Entertainment

Will Best recalls the weird and scary moment he was axed from TV job

Will Best has described being suddenly axed from TV as a “weird and scary” shock, a reminder that even visible careers can vanish without warning. The Big Brother presenter, who now fronts the revived reality show alongside AJ Odudu, said the experience came early in his career and changed how he thought about work security. For Best, the lesson was not just about losing a contract; it was about how quickly momentum in television can shift, even when things appear to be going well.

Why Will Best’s TV exit still matters

The story matters because it exposes a reality often hidden behind polished broadcast success: instability. Best said he was working on T4’s The Crush after taking over from Rick Edwards when a two-week period in one summer turned everything around. First came news that T4 was going, while he was told The Crush and Freshly Squeezed would continue. Then, days later, the message changed again. The Crush was gone, though Freshly Squeezed was still staying on. That sequence, in Best’s telling, created the sudden uncertainty that he called “weird, scary time”.

In practical terms, the episode shows how fragile television roles can be, especially for presenters whose careers are tied to fast-moving programming decisions. Best’s account does not suggest a personal failure; instead, it highlights the structural vulnerability of on-screen jobs when schedules, formats, and channel priorities change with little notice. For someone trying to build a long-term career, that kind of volatility can reshape priorities quickly.

The career lesson behind the Will Best story

Best’s reflections also explain why he chose to work outside television. He said the lack of security in the industry pushed him toward business, including a drinks company he set up with his friend Henry Farnham in 2017. The company, Bloody Drinks, makes canned versions of the Bloody Mary cocktail and is stocked in numerous supermarkets across the UK. In Best’s view, having “other pies” to put his energy into was a deliberate response to the insecurity he had already experienced.

That detail gives the story a wider editorial angle: the most valuable part of a TV career may not be fame itself, but the leverage it creates to build something more durable. Best has not framed business as an escape from broadcasting, but as a hedge against its unpredictability. In that sense, the “weird and scary” moment did more than end a contract; it appears to have helped define a career strategy.

Will Best, Big Brother and the return of a familiar risk

Best’s current profile is tied to Big Brother, which he has hosted with AJ Odudu since the reality show was revived by ITV in 2023. The programme has its own history of reinvention, having first run on Channel 4 from 2000 until 2010 and then moving to Channel 5 until 2018. Since the revival, the civilian version has produced winners including Jordan Sangha, Ali Bromley and Richard Storry.

That backdrop matters because it mirrors the uncertainty Best described from his earlier career. Big Brother itself has been shaped by change, and its return has depended on the same kind of calculation that drives television commissioning more broadly: what still pulls an audience, and what can be sustained. The show has also had a celebrity spin-off alongside it, though that version and its Late & Live companion were later said to have been “rested” so the broadcaster could focus on the main series.

What the interview reveals about television careers

Best’s account, shared in conversation with Joel Dommett and Ben Shephard, offers a rare look at the emotional side of a presenting job. The moment he described was not a dramatic public firing, but a gradual collapse of certainty over a matter of days. That distinction matters, because it shows how the business can unsettle people without spectacle.
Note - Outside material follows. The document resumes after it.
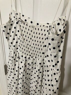 Classic white midi dress with black polka dots. Spaghetti straps and a fitted bodice with multiple seams to accommodate bust with structure. Beautiful flared skirt which can be dramatized with an underskirt or worn plain. Timeless, feminine silhouette. Easy to style for day or evening.

It also underlines why presenters often build parallel careers. For Best, the move into drinks was not just entrepreneurial ambition; it was a direct answer to the insecurity he had already lived through. As Big Brother continues to evolve, his story serves as a reminder that the people fronting major formats are often thinking far beyond the screen. And if television can change so quickly, what other safety nets will presenters decide they need next?